Sluggish and repetitive language use in some places also mars the beginning. For example, note the repetitive use of she in the following sentences: “She ran a comb through her hair and, pulling it back held it with a black band. She wore a pale green dress. She had decided that it was going to be dark colour henceforth since…She felt that bright colours… She looked forward to joining Eloka…She resolved not to allow the fear of air raids…” – all these /she, she/ occur in one paragraph concurrently.

It could have read: “Ginika combed her hair in front of the mirror and scrutinized the fitted green dress she was wearing. She had decided that no more bright coloured dresses for her since after she was nearly killed in an air raid at the market the other day. The thought of Eloka filled her mind. Would he like the dress? She would soon be joining him for…”

The intro appears slow also because the reader is not privy to Dr Ubaka’s lack of respect for boundaries and the opinions of others. Personally, I consider Ginika’s unwillingness to follow her father from Enugu to Mbano in the intro, not paunchy enough. For me, if the author had sneaked in some ruminations of Ginika concerning the breaches of father/daughter boundaries her father is guilty of or his obduracy, the reader would have been drawn into the story from the beginning. Because of these ‘faults’, the reader’s (or at least mine) interest wasn’t engaged from the onset. Intros must engage a reader.

Deeper into the book, the reader sees Ginika’s father’s overt strictness and the scene after the Ugiri dance when he actually inserts his fingers into his daughter’s secrets to check if she’s still a virgin! Here, the reader begins to appreciate the young woman’s aversion to her father.

Another weakness for me is the choice of names. They are a bit difficult to pronounce even for an Igbo person.

So take off for the novel isn’t fast and smooth due to sluggish repetitive diction. Diction drags, not fast-paced.

Strengths of the novel

Nevertheless kudos to the author, although diction struggles but it rises into the airspace and gradually begins to glide and then cruise. It goes fast as the reader reaches about the 17th chapter, entering into that airspace that is curious, suspenseful and nerve-racking, where the reader can no longer put down the novel to sleep. 

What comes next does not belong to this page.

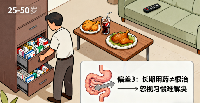 第三种认知偏差是认为 “长期用产品能‘根治’胃肠问题”,所以长期依赖缓解胃肠不适的产品,而不改善根本的生活习惯,结果导致胃肠问题一直无法得到根治,甚至可能因为长期使用产品,对身体造成其他不良影响。很多人觉得,只要长期坚持使用缓解胃肠不适的产品,就能彻底解决胃肠问题,所以一直依赖产品,却不调整自己的饮食、作息、情绪等可能导致胃肠问题的根本因素。但实际上,缓解胃肠不适的产品主要是用于临时改善轻微的症状,而不能从根本上 “根治” 胃肠问题。胃肠问题的根本解决,需要依靠长期良好的生活习惯,比如规律饮食、规律作息、保持良好情绪、适量运动等。如果长期依赖产品,而不改善生活习惯,胃肠问题的根本原因没有消除,胃肠仍然会持续受到伤害,不适症状也会一直存在,无法得到根治。而且,任何产品长期使用都可能存在一定的风险,可能会对身体的其他器官造成负担或产生不良影响。

From here, the reader wants to know what happens next. And it stays on this altitude till the end, becoming exciting moving fast from one interesting scene to another, springing up surprises like Ginika marries Eloka, Eloka joins the army despite his parents’ pathetic aversion to the army especially towards their son joining since he’s an only son.

Ginika starts work at a refugee camp, finds out about her father-in-law’s mistress. Her mother-in-law harasses her about being pregnant, mother in-law beats up mistress, people dying in the camp like chickens, Eloka returns for three days, mother-in-law wants to know if Ginika is pregnant, learns she’s not and gets offended, asks her if she’s ignorant of why they married her. She promises to give Ginika hell.

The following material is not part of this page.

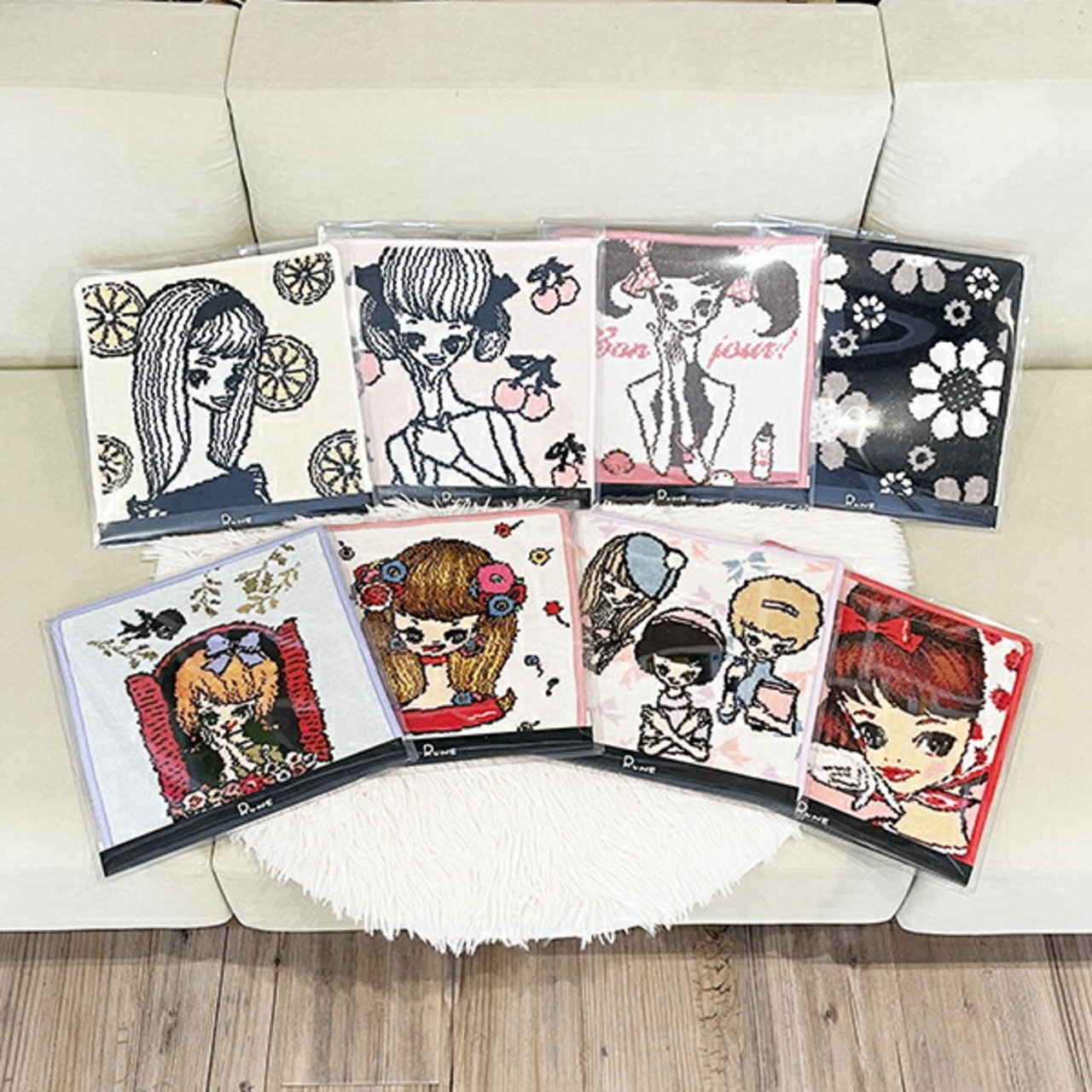 今では当たり前の”カワイイ”文化。それの先駆けとなったイラストレーターが内藤ルネです。それまでとまったく印象の違う、”元気でカワイイ”女の子を広めました。他にもカワイイキャラクターや、モチーフがたくさん♪クリアケースに入っているのでそのまま飾ったり、ギフトにも◎プリントではなく、織りでイラストを表現しているところがポイントです♪

Ozioma, Eloka’s sister leaves the scene to do omugo instead of her mother; mother-in-law finds opportunity to fulfill her promise to give Ginika hell. She heaps on her all the house chores withdrawing her helps. This state of affairs drives Ginika to attend a phantom dance with a co-refugee-camp worker, Janet at Nkwerre. Ginika gets drugged, raped and falls pregnant!

And like a nightmare she can’t set things right. She gets thrown out of her in-law’s house, loses her job, has a stillborn and goes to afia attack!

Roses and Bullets catches fire the moment Ginika goes to Ama Oyi and the fire rages to the end drawing us into the war, wrenching our hearts. Sometimes, making us cry, fear, frustrated, laugh, glad, etc.

Strong messages are passed in Roses and Bullets. Apart from the different love issues, the author touches subtly the issue of sexuality which is the rage in our world today. Philomena, Ginika’s friend sleeps over in her house and in the middle of the night, rolls over and kisses and fondles Ginika!